▶ _DATA SHOWN_
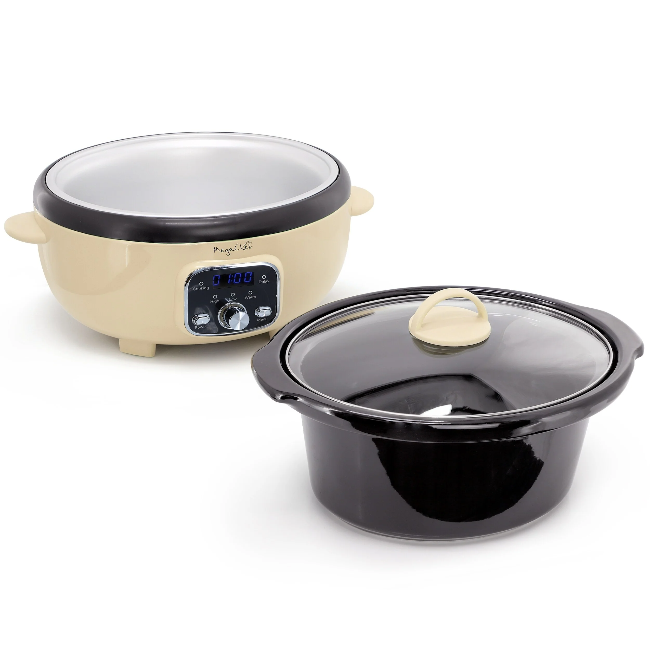 Introducing the MegaChef 3.7 Quart Electric Slow Cooker in Cream, a stylish addition to any kitchen. This appliance features a removable inner oval ceramic pot, complemented by a modern cream-colored outer shell and panel in the same shade. The digital panel, accented with a soothing Blue light, allows for easy control and monitoring of cooking settings, ensuring precise results with every use.For added convenience and safety, cool-touch handles and knobs in cream color provide a secure grip during handling. The tempered clear glass lid lets you keep an eye on your culinary creations without lifting the lid, preserving heat and flavors. A sleek black panel at the bottom and edges adds durability and a touch of sophistication.Both the lid and ceramic crock of the MegaChef slow cooker are dishwasher safe, simplifying cleanup after meals. This appliance combines functionality with aesthetic appeal. Whether you’re preparing comforting soups, savory stews, or tender roasts, the MegaChef 3.7 Quart Electric Slow Cooker in Cream is designed to deliver delicious results effortlessly, making it an essential kitchen companion. Item Dimensions: 15.15" x 10.80" x 9.45"Item Weight: 8.00lbs
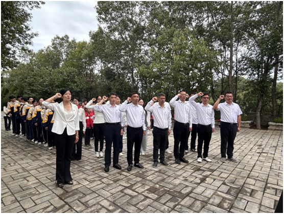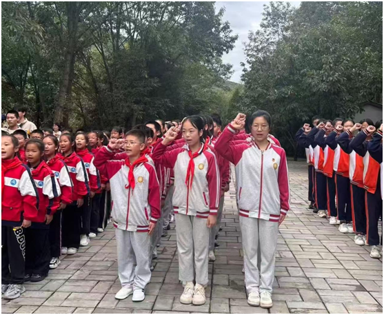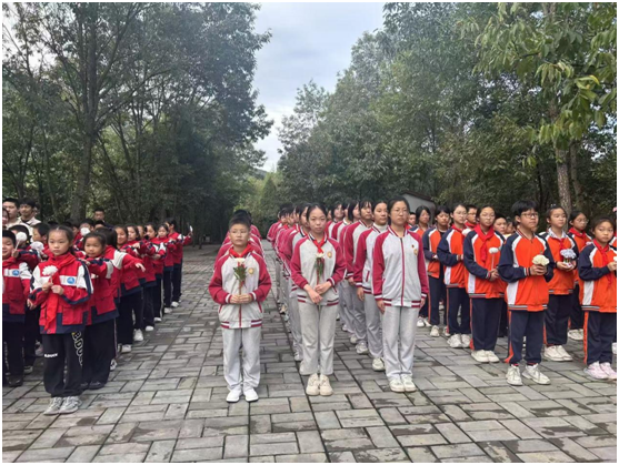 参与活动的师生乘车到达九口堰,大家怀着庄重的心情,步行前往革命烈士纪念碑。师生们整齐地站在纪念碑前向革命先烈默哀3分钟,缅怀先烈的英勇事迹。学生代表向烈士纪念碑敬献花篮,教联体领导整理花篮缎带,表达对革命先烈的哀悼和敬意。少先队员、团员献歌《我们是共产主义接班人》。少先队员、团员敬礼及献花。党员、团员、少先队员在党团队旗下重温入党入团入队誓词,还举行了集体诵读活动。
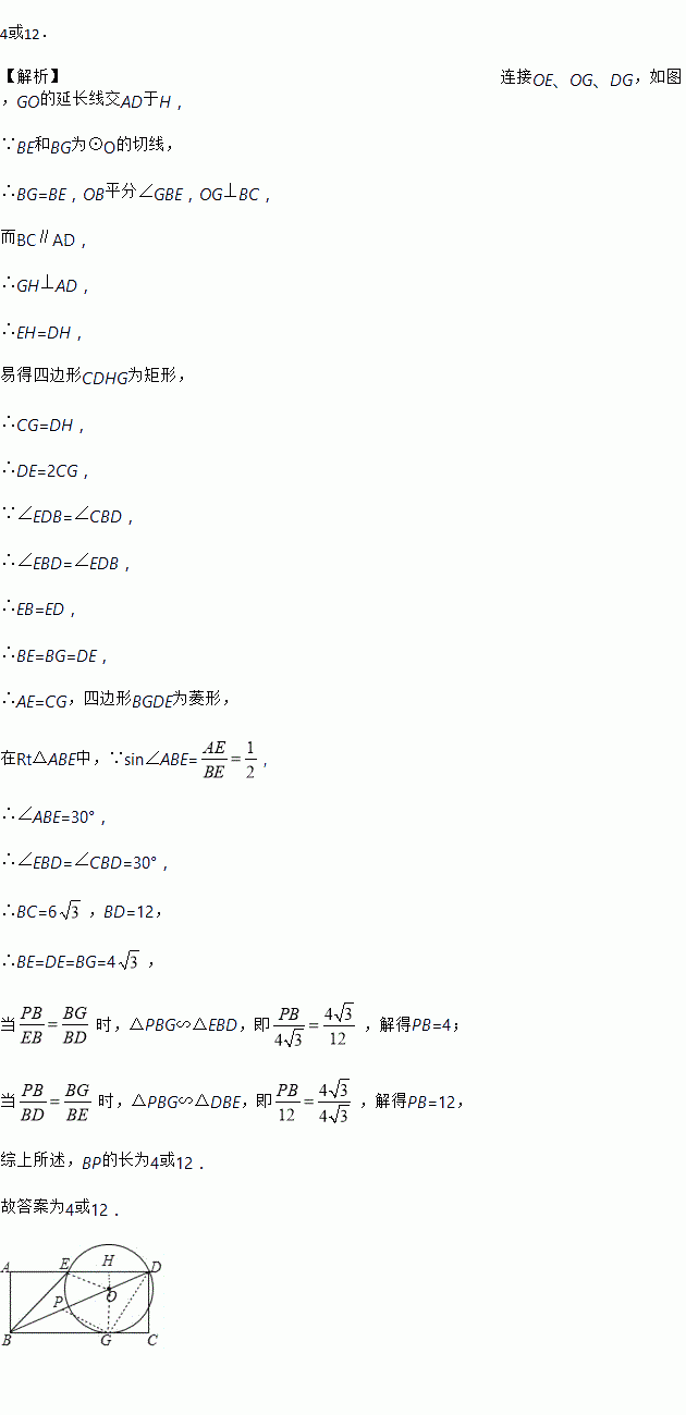 如图,矩形ABCD的一边BC与⊙O相切于G,DC=6,且对角线BD经过圆心O,AD交⊙O于点E,连接BE,BE恰好是⊙O的切线,已知点P在对角线BD上运动,若以B、P、G三点构成的三角形与△BED相似,则BP=______.
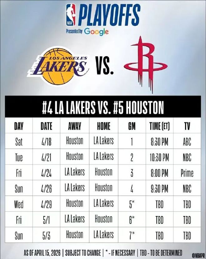 湖人火箭的赛程是这样的

▶ _GOAL OF THE EXERCISE_
Return, exactly as they stand, all of the lines above, but not the pictures.

▶ _THE COMPLETED TASK_
 Introducing the MegaChef 3.7 Quart Electric Slow Cooker in Cream, a stylish addition to any kitchen. This appliance features a removable inner oval ceramic pot, complemented by a modern cream-colored outer shell and panel in the same shade. The digital panel, accented with a soothing Blue light, allows for easy control and monitoring of cooking settings, ensuring precise results with every use.For added convenience and safety, cool-touch handles and knobs in cream color provide a secure grip during handling. The tempered clear glass lid lets you keep an eye on your culinary creations without lifting the lid, preserving heat and flavors. A sleek black panel at the bottom and edges adds durability and a touch of sophistication.Both the lid and ceramic crock of the MegaChef slow cooker are dishwasher safe, simplifying cleanup after meals. This appliance combines functionality with aesthetic appeal. Whether you’re preparing comforting soups, savory stews, or tender roasts, the MegaChef 3.7 Quart Electric Slow Cooker in Cream is designed to deliver delicious results effortlessly, making it an essential kitchen companion. Item Dimensions: 15.15" x 10.80" x 9.45"Item Weight: 8.00lbs
 参与活动的师生乘车到达九口堰,大家怀着庄重的心情,步行前往革命烈士纪念碑。师生们整齐地站在纪念碑前向革命先烈默哀3分钟,缅怀先烈的英勇事迹。学生代表向烈士纪念碑敬献花篮,教联体领导整理花篮缎带,表达对革命先烈的哀悼和敬意。少先队员、团员献歌《我们是共产主义接班人》。少先队员、团员敬礼及献花。党员、团员、少先队员在党团队旗下重温入党入团入队誓词,还举行了集体诵读活动。
 如图,矩形ABCD的一边BC与⊙O相切于G,DC=6,且对角线BD经过圆心O,AD交⊙O于点E,连接BE,BE恰好是⊙O的切线,已知点P在对角线BD上运动,若以B、P、G三点构成的三角形与△BED相似,则BP=______.
 湖人火箭的赛程是这样的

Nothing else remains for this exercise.